A review of the literature reveals that numerous studies have shown that nurses with high cognitive flexibility cope more effectively with the difficulties they encounter in clinical practice, are more successful in patient communication, and have lower levels of work-related stress [8, 9, 22, 37]. Similarly, students studying in the health field have the opportunity to develop their decision-making skills and gain professional experience during clinical practice [7, 21]. Today's rapidly changing healthcare environment increases the need for healthcare professionals who not only have a wealth of knowledge but also possess higher-level cognitive skills such as critical thinking, problem solving, and decision making [3233]). In this context, the cognitive flexibility levels of midwifery and nursing students, who will be the healthcare professionals of the future, are extremely important in managing complex patient situations, adapting to changing clinical conditions, and implementing evidence-based practices [17, 37].

When studies with samples consisting of nursing and midwifery students are examined, it is seen that either only the decision-making styles or only the levels of cognitive flexibility of the students are addressed [12, 27]. In light of these findings, it is noteworthy that studies examining cognitive flexibility and decision-making styles in nursing and midwifery students are limited. Furthermore, no studies have been found that address the relationship between the cognitive flexibility levels and decision-making styles of nursing and midwifery students. Accordingly, our study aims to determine the relationship between the cognitive flexibility levels and decision-making skills of midwifery and nursing students and to examine the factors that influence this relationship. It is believed that the results of our study, which reveal the relationship between the cognitive flexibility levels and decision-making skills of midwives and nurses working in all areas of healthcare during their undergraduate education, will contribute significantly to making correct and effective clinical decisions and thus to providing quality healthcare services.

Materials and methods

Research design

This study was designed as a descriptive and exploratory research. The research was conducted to determine the relationship between the cognitive flexibility levels and decision-making styles of midwifery and nursing students.

Research location and time

The research was conducted in the Nursing and Midwifery Departments of the Faculty of Health Sciences at Lokman Hekim University. The data collection process was completed between February 2025 and June 2025.

Research population and sample

The study included 320 students enrolled in the midwifery and nursing departments at Lokman Hekim University in Ankara. Participation in the study was voluntary, and no sampling method was applied. Therefore, in this study, a power analysis to determine the sample size prior to data collection was not conducted, as the aim was to reach the entire target population. The study was completed with 302 students who were present at the school on the day the data was collected and who agreed to participate in the study. Approximately 94.3% of the enrolled students participated in the study. Data were collected based on participants' self-reports. Data were collected from students enrolled in the nursing department by faculty members working in the midwifery department, and from students enrolled in the midwifery department by faculty members working in the nursing department. The faculty members who collected the data did not teach any courses in the departments where they conducted the data collection process. The data collection tools were physically distributed to the students in a face-to-face setting, and the forms were filled out by the participants on a voluntary basis.
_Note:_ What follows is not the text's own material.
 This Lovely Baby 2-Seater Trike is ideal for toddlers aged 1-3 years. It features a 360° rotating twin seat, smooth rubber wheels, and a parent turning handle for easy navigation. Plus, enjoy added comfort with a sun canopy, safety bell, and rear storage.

Data collection was carried out by visiting each class only once, thus preventing participants from filling out the measurement tools more than once.

Inclusion criteria

  • Actively continuing the education and training process,

  • Being at school on the day of the research.

  • Giving voluntary consent to participate in the research.

Exclusion criteria

  • Those who were not at school on the day the data was collected.
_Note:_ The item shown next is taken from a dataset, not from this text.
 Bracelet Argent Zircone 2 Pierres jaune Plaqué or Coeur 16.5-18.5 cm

  • Those who filled out the data incompletely.

Data collection tools

Data were collected using the “Student Descriptive Characteristics Form,” the “Cognitive Flexibility Inventory,” and the “Melbourne Decision Making Scale I-II,” which were developed based on a literature review.
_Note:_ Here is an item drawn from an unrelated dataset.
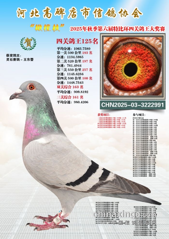2025年秋特比环四关综合鸽王121-135名照片赏析

Student descriptive characteristics form

This form was developed by the researchers based on a literature review. It includes students' sociodemographic characteristics such as age, gender, grade level, department, income status, parental education level, and reasons for choosing their department.

Cognitive Flexibility Inventory (CFI)

Developed by Dennis and Vander Wal [11] to assess individuals' levels of cognitive flexibility. The Turkish adaptation of the CFI was carried out by Sapmaz and Doğan. The Turkish form retains the two-factor structure and 20-item format of the original inventory, but uses a 5-point Likert-type rating scale. It is scored as follows: “Not at all appropriate” (1), “Not appropriate” (2), “Somewhat appropriate” (3), ‘Appropriate’ (4), “Completely appropriate” (5). Therefore, total scores in the Turkish version range from 20 to 100, with higher scores indicating greater cognitive flexibility. Items 2, 4, 7, 9, 11, and 17 of the scale are reverse-coded. Three different types of scores can be obtained from the scale: the total cognitive flexibility score, the “alternatives” subscale score, and the “control” subscale score. High scores indicate high cognitive flexibility. The characteristics of individuals with high cognitive flexibility can be listed as the ability to make decisions independently, high self-esteem, the ability to view events from different perspectives, internal locus of control, lower levels of depression, and optimism. In terms of reliability, the Cronbach's alpha internal consistency coefficient of the Turkish form was calculated as 0.90, indicating a high level of internal consistency. In the present study, the Cronbach’s alpha coefficient for the total score of the Cognitive Flexibility Inventory was found to be 0.915. The reliability coefficient of the “Alternatives” subscale was 0.899, while that of the “Control” subscale was 0.882.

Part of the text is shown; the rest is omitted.